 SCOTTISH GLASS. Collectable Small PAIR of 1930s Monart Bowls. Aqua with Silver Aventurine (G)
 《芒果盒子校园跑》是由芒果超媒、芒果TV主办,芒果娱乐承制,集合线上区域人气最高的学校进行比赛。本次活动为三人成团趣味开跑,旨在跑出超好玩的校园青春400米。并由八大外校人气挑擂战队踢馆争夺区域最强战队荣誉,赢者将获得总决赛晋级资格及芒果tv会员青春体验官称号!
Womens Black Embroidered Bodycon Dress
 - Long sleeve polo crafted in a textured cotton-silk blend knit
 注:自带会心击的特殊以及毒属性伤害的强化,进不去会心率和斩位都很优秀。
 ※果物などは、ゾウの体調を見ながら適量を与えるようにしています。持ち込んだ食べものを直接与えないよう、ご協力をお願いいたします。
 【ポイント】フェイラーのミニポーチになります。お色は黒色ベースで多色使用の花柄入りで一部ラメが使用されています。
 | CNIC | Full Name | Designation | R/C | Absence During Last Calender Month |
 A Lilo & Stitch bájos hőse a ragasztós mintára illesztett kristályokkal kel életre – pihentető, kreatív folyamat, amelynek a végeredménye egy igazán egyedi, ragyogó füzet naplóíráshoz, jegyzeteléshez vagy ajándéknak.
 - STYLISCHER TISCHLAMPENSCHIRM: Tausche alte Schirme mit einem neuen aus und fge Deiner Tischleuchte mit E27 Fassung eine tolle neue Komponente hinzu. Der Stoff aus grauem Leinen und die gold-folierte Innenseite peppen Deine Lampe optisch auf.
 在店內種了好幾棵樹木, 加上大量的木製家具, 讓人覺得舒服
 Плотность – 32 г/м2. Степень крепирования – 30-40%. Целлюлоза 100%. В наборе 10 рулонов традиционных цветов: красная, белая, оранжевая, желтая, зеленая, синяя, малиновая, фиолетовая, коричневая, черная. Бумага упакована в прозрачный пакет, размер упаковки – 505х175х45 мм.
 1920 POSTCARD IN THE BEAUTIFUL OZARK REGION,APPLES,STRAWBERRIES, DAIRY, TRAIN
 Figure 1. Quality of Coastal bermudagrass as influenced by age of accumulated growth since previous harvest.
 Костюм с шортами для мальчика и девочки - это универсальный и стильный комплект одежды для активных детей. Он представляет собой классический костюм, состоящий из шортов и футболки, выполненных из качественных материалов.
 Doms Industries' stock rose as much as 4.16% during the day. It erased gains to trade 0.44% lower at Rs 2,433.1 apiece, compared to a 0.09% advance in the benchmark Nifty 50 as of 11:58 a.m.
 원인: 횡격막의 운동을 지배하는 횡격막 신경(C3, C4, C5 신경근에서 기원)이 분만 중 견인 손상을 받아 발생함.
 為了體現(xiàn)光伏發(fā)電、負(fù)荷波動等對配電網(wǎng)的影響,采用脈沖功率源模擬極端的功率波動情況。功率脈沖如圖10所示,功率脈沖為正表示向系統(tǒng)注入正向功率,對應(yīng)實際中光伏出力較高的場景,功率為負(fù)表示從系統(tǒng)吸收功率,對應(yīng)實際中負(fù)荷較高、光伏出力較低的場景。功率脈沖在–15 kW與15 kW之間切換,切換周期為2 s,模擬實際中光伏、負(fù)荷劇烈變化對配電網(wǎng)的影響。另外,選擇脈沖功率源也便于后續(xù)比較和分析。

★ ★ ★ ★ ★ ★ ★

TASK TO COMPLETE
Those lines from the one with "Calender Month |" through the last line of the material above are to be retyped exactly, with nothing else.

OUTPUT OF THE TASK
 | CNIC | Full Name | Designation | R/C | Absence During Last Calender Month |
 A Lilo & Stitch bájos hőse a ragasztós mintára illesztett kristályokkal kel életre – pihentető, kreatív folyamat, amelynek a végeredménye egy igazán egyedi, ragyogó füzet naplóíráshoz, jegyzeteléshez vagy ajándéknak.
 - STYLISCHER TISCHLAMPENSCHIRM: Tausche alte Schirme mit einem neuen aus und fge Deiner Tischleuchte mit E27 Fassung eine tolle neue Komponente hinzu. Der Stoff aus grauem Leinen und die gold-folierte Innenseite peppen Deine Lampe optisch auf.
 在店內種了好幾棵樹木, 加上大量的木製家具, 讓人覺得舒服
 Плотность – 32 г/м2. Степень крепирования – 30-40%. Целлюлоза 100%. В наборе 10 рулонов традиционных цветов: красная, белая, оранжевая, желтая, зеленая, синяя, малиновая, фиолетовая, коричневая, черная. Бумага упакована в прозрачный пакет, размер упаковки – 505х175х45 мм.
 1920 POSTCARD IN THE BEAUTIFUL OZARK REGION,APPLES,STRAWBERRIES, DAIRY, TRAIN
 Figure 1. Quality of Coastal bermudagrass as influenced by age of accumulated growth since previous harvest.
 Костюм с шортами для мальчика и девочки - это универсальный и стильный комплект одежды для активных детей. Он представляет собой классический костюм, состоящий из шортов и футболки, выполненных из качественных материалов.
 Doms Industries' stock rose as much as 4.16% during the day. It erased gains to trade 0.44% lower at Rs 2,433.1 apiece, compared to a 0.09% advance in the benchmark Nifty 50 as of 11:58 a.m.
 원인: 횡격막의 운동을 지배하는 횡격막 신경(C3, C4, C5 신경근에서 기원)이 분만 중 견인 손상을 받아 발생함.
 為了體現(xiàn)光伏發(fā)電、負(fù)荷波動等對配電網(wǎng)的影響,采用脈沖功率源模擬極端的功率波動情況。功率脈沖如圖10所示,功率脈沖為正表示向系統(tǒng)注入正向功率,對應(yīng)實際中光伏出力較高的場景,功率為負(fù)表示從系統(tǒng)吸收功率,對應(yīng)實際中負(fù)荷較高、光伏出力較低的場景。功率脈沖在–15 kW與15 kW之間切換,切換周期為2 s,模擬實際中光伏、負(fù)荷劇烈變化對配電網(wǎng)的影響。另外,選擇脈沖功率源也便于后續(xù)比較和分析。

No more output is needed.